Coronavirus (COVID-19) recovery - public health, public services and justice system reforms: consultation analysis

Independent analysis of the responses to the consultation on supporting Scotland's recovery from coronavirus. This relates to the Coronavirus (Recovery and Reform) (Scotland) Bill.

Appendix B: Additional information

A small number of questions - H1, J7 and Q34 - received either a very large number of responses or included detailed technical information in responses. It has not been possible to include the full analysis of these questions within the main report. This appendix therefore summarises the less commonly mentioned themes and specific technical evidence identified at these questions.

H1 – Education: powers to close educational establishments, and to ensure the continuity of education

Some respondents, including a few local authorities that supported extension but opposed permanence, emphasised the importance of local authorities input into decisions about closures, rather than central government making the decision without local stakeholders.

“Education is a local matter and decisions around school matters should be taken whenever possible by councils.” (Extract from Dundee City Council)

The Scottish Council of Independent Schools opposed extension or permanence, noting the particular challenges that face independent schools including a mix of day and residential students, and where there are a large number of international students. The University & College Union Scotland felt the provision should be extended but, as it had not been necessary to date to use the power to close universities and colleges, there was no need for permanence. Universities Scotland gave a similar view, but opposed extension and permanence. In response to another question, the Children and Young People’s Commissioner Scotland opposed this measure for the same reason.

“It is not appropriate for emergency powers such as these to remain ‘on the books’ for use by any future government without prior reference to Parliament. It is particularly concerning that in at least one case (educational closure direction) these proposals include powers that were not used during the current pandemic. Unused (and therefore unnecessary) provisions cannot justifiably be extended.” (Extract from Children and Young People’s Commissioner Scotland)

“A number of families we work with were supported by a number of the measures introduced under these directions. This power was key to ensuring mitigations were put in place when schools were closed nationally or were forced to close due to Covid outbreaks.” (Extract from Families Outside)

In response to another question, the Equality and Human Rights Commission emphasised the need to ensure measures are taken to ensure disabled people are able to access the remote technology used to deliver public services virtually. Enquire made a similar point.

“It should make clear on the face of the Bill that use of video or remote technology – by any public body, in any setting – must be accompanied by proactive efforts to understand individuals’ needs, reasonable adjustments where these are required, and alternative means of conducting business where video or remote technology makes effective participation unlikely.” (Extract from Equality and Human Rights Commission)

“We understand the reasons behind these closures but feel it is vitally important that, if the powers to make directions to close educational establishments and the associated continuity directions around suspending the duties of the Additional Support for Learning Act are made permanent, serious consideration must be given to the impact these directions have on children with additional support for learning needs.” (Extract from Enquire)

J7 – Criminal justice: time limits

Less commonly mentioned themes

A small number felt increasing time limits was or could be used to excuse deficiencies in the capacity or funding of the court system.

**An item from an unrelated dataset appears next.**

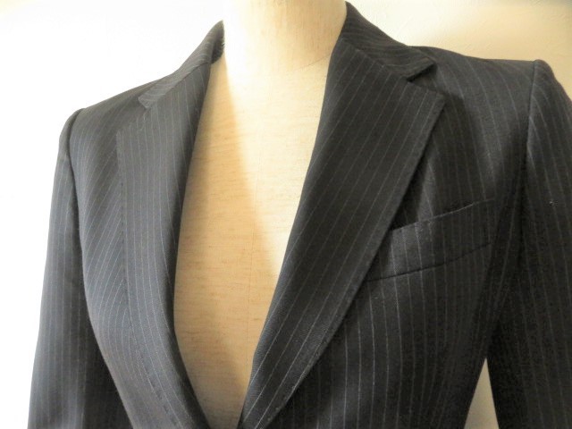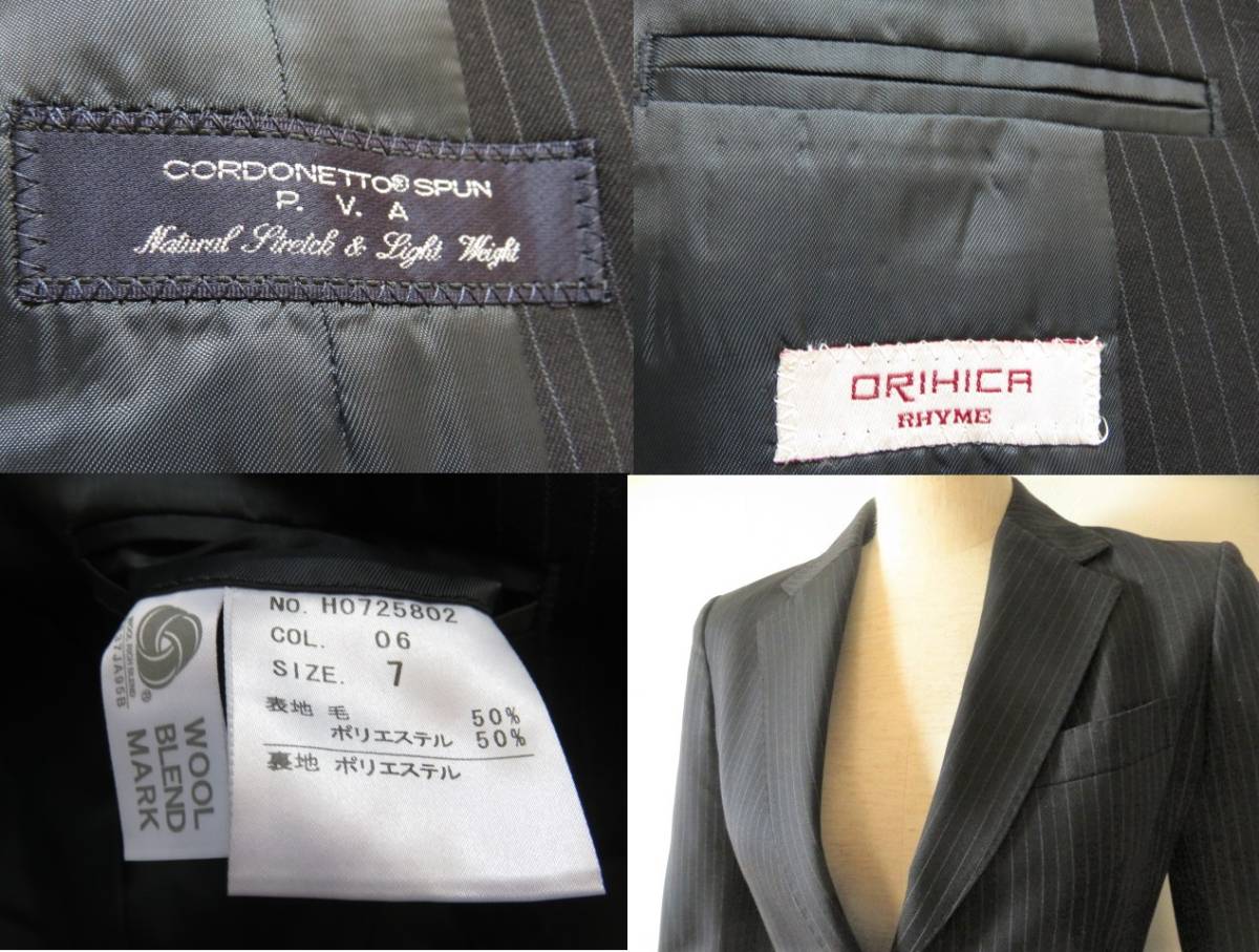 ■新品同様 上質美品【ORIHICA】オリヒカ「RHYME ライム」高級 パンツ スーツ 7号 9号 S M 濃紺 ストライプ 就活スーツ s915

Similarly, a few felt the provisions should not be used to save court time. In their response to J7(i), HMIPS described their experiences and provided alternative suggestions for how court activity could be increased to reduce the backlog – for example better utilisation of court space, and using Saturday courts.

A few called for wider justice reform, arguing for example, that time spent on remand is too long and should be addressed separately rather than because of Covid, or that alternatives to custody should be considered. A few requested further review of the impact of increased time limits before decisions are taken to extend the provision.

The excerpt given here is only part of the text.